Althea Development Update #43: Website refresh, support for more routers
Jehan and @scottwxrks have rounded out our website update over the past couple of weeks. We now have a map showing active Althea…
Jehan and @scottwxrks have rounded out our website update over the past couple of weeks. We now have a map showing active Althea deployments and interested users.
The goal is to help bring together people who may be interested in using Althea in an area as well as show our expansion as we get some of these locations actually online.
There’s a margin of error to prevent revealing home address of course, we only take city and zip.
It’s probably a little premature considering snow and the need for a taller pole has delayed the first few users in Clatskanie and I shipped routers to the other two deployments just today. But I’ll consider deployments with gear on roofs to be ‘active’ for now.
In our last update we shipped our first devices, I had been growing concerned with our dependence on these WD n600’s and n750’s especially as we began to realize some of their performance limitations.
Using Babel’s excellent in kernel forwarding design even the bargain bin n600 can hit line rate and mesh at 100mbps on several ports. But the encryption overhead for the Wireguard tunnel is non trivial and peters out at about 30mbps. Exactly why is a bit of a performance mystery, there’s about 50% free CPU time but no tuning I can find seems to improve it. Not bad for $16, but there’s untapped potential there.
What this means right now for Clatskine users is that they can resell to two other homes before they even cut into their own bandwidth.

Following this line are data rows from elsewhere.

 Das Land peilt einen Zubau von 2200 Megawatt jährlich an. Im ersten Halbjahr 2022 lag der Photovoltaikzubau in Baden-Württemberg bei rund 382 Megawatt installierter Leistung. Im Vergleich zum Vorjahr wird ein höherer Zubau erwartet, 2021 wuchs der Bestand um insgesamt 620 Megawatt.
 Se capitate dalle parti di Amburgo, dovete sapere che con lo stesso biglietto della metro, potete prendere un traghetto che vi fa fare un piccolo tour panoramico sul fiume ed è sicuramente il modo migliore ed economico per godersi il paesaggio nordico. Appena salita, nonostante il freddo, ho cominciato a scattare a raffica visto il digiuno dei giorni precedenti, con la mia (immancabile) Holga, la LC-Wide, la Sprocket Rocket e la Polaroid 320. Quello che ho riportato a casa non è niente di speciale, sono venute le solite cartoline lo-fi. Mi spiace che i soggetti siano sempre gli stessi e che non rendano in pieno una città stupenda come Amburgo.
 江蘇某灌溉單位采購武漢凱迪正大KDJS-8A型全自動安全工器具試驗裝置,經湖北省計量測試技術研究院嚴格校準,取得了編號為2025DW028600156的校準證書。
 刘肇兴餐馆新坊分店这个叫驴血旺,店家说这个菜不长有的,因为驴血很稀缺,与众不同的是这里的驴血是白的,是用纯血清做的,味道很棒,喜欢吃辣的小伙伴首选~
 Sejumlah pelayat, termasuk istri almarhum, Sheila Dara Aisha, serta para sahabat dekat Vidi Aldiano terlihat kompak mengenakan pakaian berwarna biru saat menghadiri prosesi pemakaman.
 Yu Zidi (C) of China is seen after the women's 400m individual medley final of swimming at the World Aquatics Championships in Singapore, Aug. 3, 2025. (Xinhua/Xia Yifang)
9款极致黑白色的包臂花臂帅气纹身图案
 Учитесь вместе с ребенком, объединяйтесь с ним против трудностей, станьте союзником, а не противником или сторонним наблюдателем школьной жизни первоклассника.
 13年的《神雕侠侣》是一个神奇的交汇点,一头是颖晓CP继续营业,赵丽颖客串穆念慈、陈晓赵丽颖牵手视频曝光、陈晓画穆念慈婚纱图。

In the search for better hardware the firmware builder now has support for the GL-AR750, Edgerouter X, and UniFi Lite. The AR750 was disappointing, for $25 it mirrors the performance of the n600’s since they share a chipset. The Edgerouter on the other hand makes a great Althea device, with gigabit speeds on the mesh and about 600mbps over Wireguard. The Lite is somewhat harder to test conclusively with the involvement of WiFi but breaches 200mbps over WireGuard easily enough for me to be unconcerned.

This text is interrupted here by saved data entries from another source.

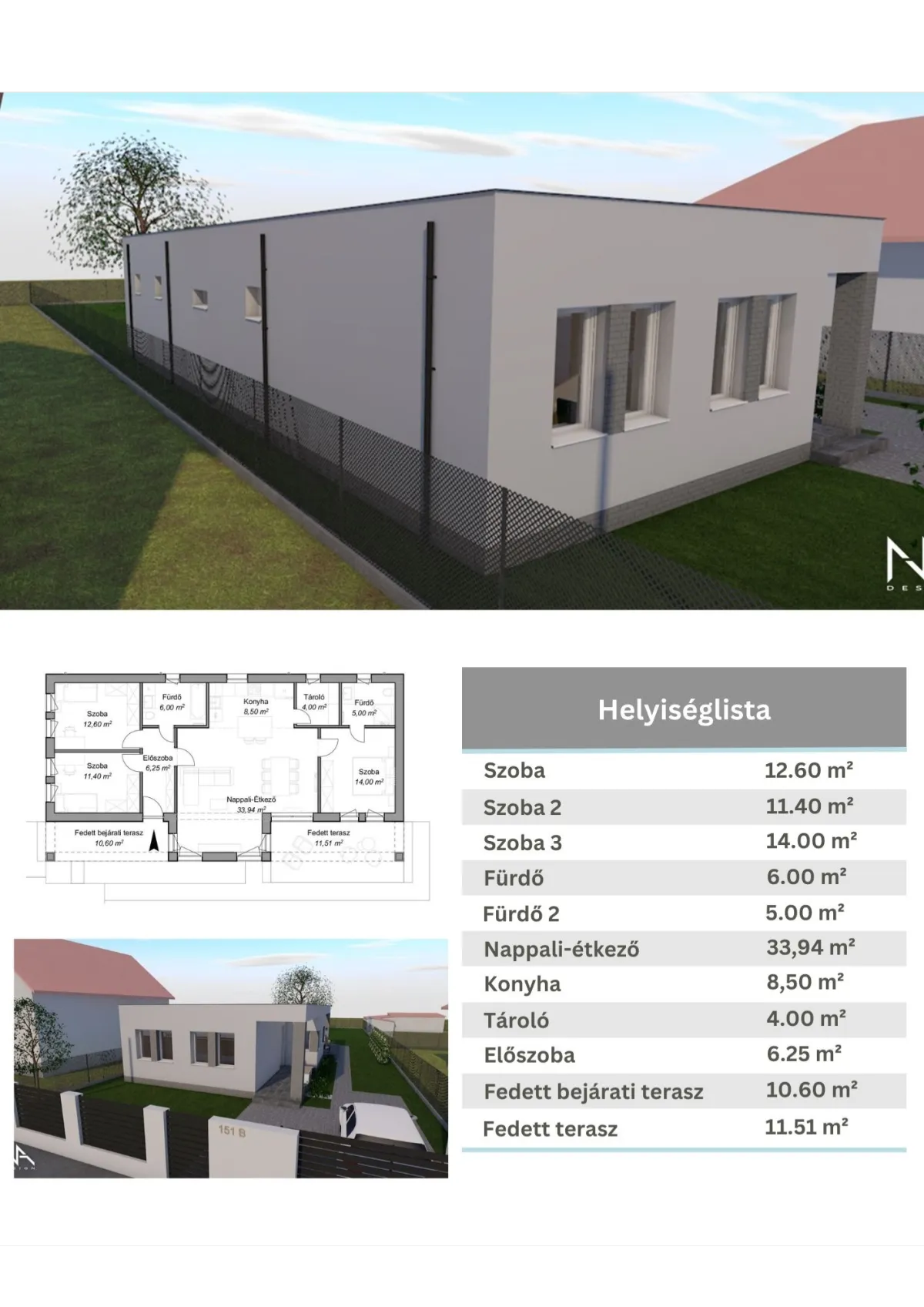 Ideális 3-5 fő számáraBruttó 126 m2Nettó 107 m2Ajánlott telekterület: minimum 600 m2Kész állapotban: 24.379.740 Ft-tól
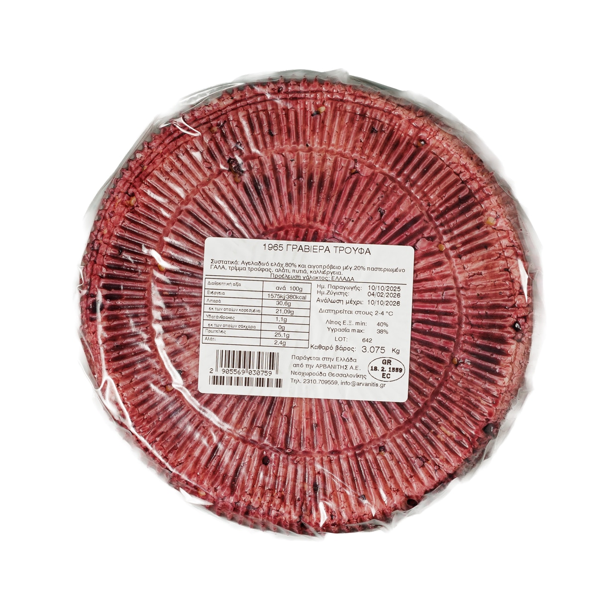 1965 Graviera Truffle is a premium take on the classic graviera, enriched with black truffle crumble that lends the cheese a deep, earthy aroma and a refined, sensorial character
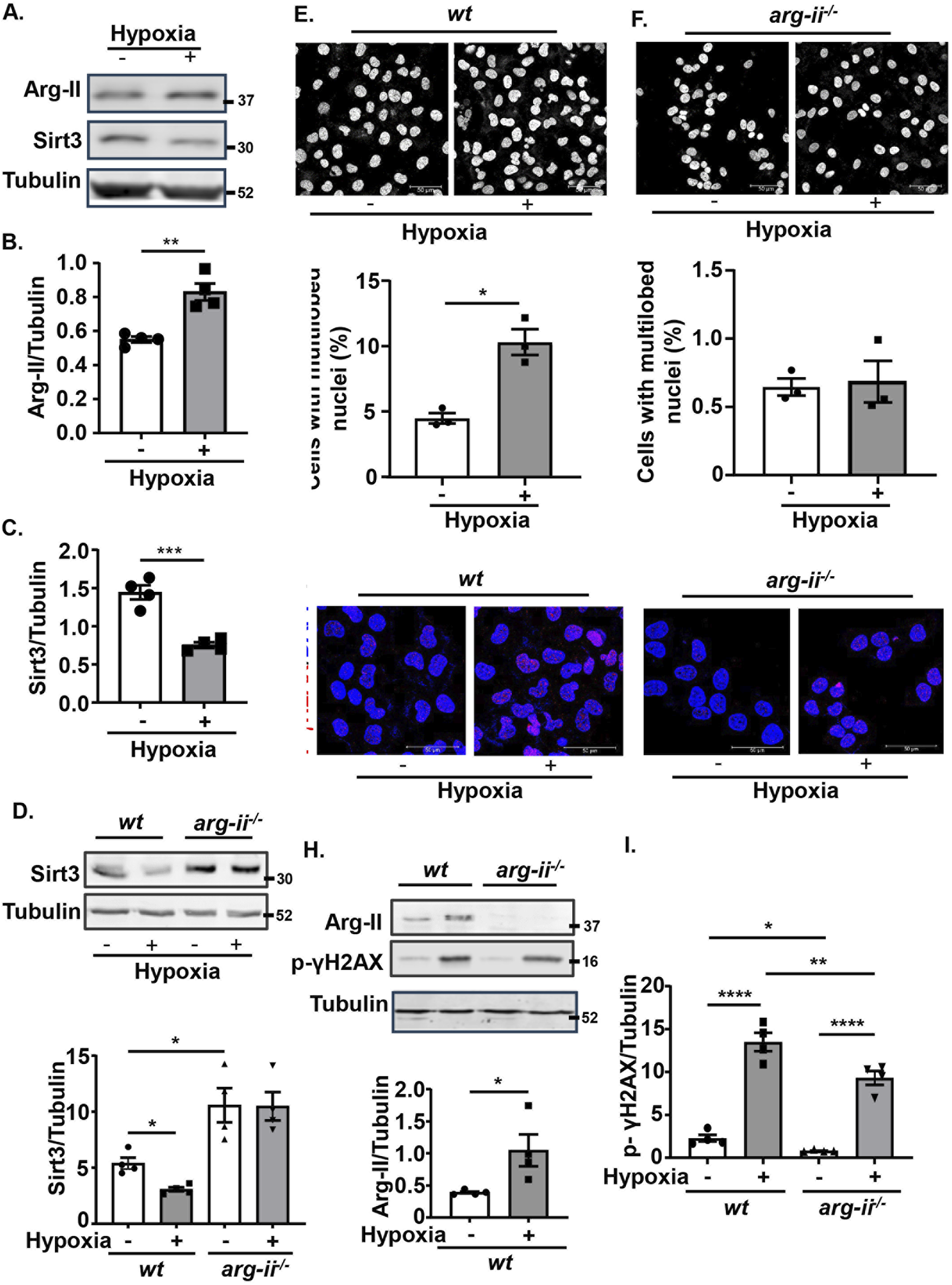 Hypoxia suppresses Sirt3 and induces nuclear deformation and DNA damage through up-regulating Arg-II. wt and arg-ii−/− Me276 cells were exposed to normoxia (21% O2) or hypoxia condition (1% O2) for 72 h and then subjected to Confocal microscopy cell imaging analysis and Immunoblotting analysis. (A–C) Immunoblotting analysis of Arg-II and Sirt3 in wt Me276 cells. (D) Immunoblotting analysis of Sirt3. (E–F) Immunofluorescence staining with DAPI (white). (G) Immunostaining for p-γH2AX-S139 (red) followed by the counter stain of nuclei with DAPI (blue). (H, I) Immunoblotting analysis of Arg-II, p-γH2AX-S139. Tubulin served as loading control. Scale bar: 50 µm. Quantification of the signals in images shown in (A, D–H) are presented as graphics in the corresponding figures (n = 4). *p < 0.05, **p < 0.01, ***p < 0.001, ****p < 0.0001.
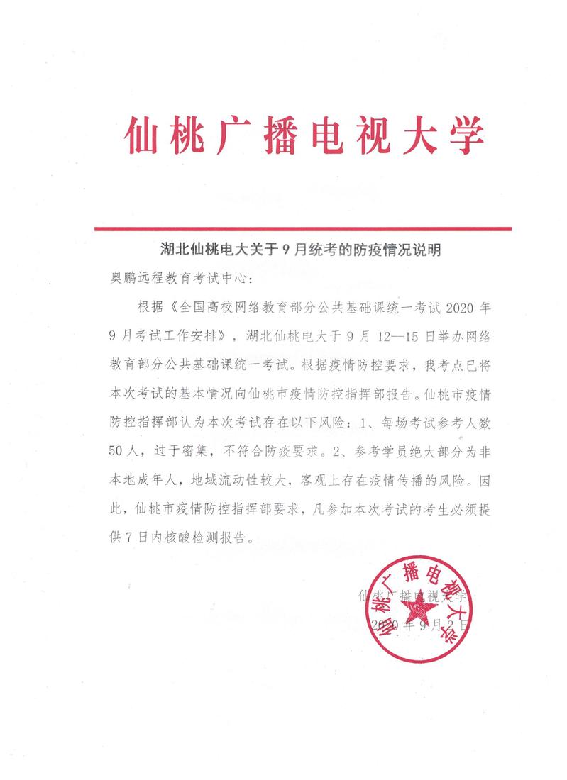 转发:湖北仙桃电大关于9月统考的防疫情况说明

While the Edgerouter is great for network backbone tasks it’s lack of WiFI eliminate it from the running as an ideal home device. The UniFi lite has the opposite issue, great wifi, but with only one Ethernet port it won’t satisfy power users or have a ‘plug and play’ resale capability.
The quest for a under $100 device with no performance compromises continues.
On the software side the billing daemon is coming along nicely. I’ve been working on integrating some more bootstrapping support into it as we try and bridge the gap between the development and testing environment and our real operating platform on the routers.
WireGuard is once again a major focus of concentration here, by design WireGuard requires out of band key exchange and ip address assignment, in exchange for this you get great speed, simplicity, and other security properties but it’s something of a pain right now to setup a new device.
Currently a device is flashed with a blank firmware and is then customized by running a shell scrip at first boot. This shell script then drops the required credentials to be sent to the WireGuard server (currently via copy and paste), while this works it complicates the flashing process.
Making the flashing process simpler is a long term project with the eventual goal of a push button ‘install Althea’ application. While maybe still not end user accessible it would be great if the people setting up Althea on the ground could easily flash devices from the box instead of us having to ship them around.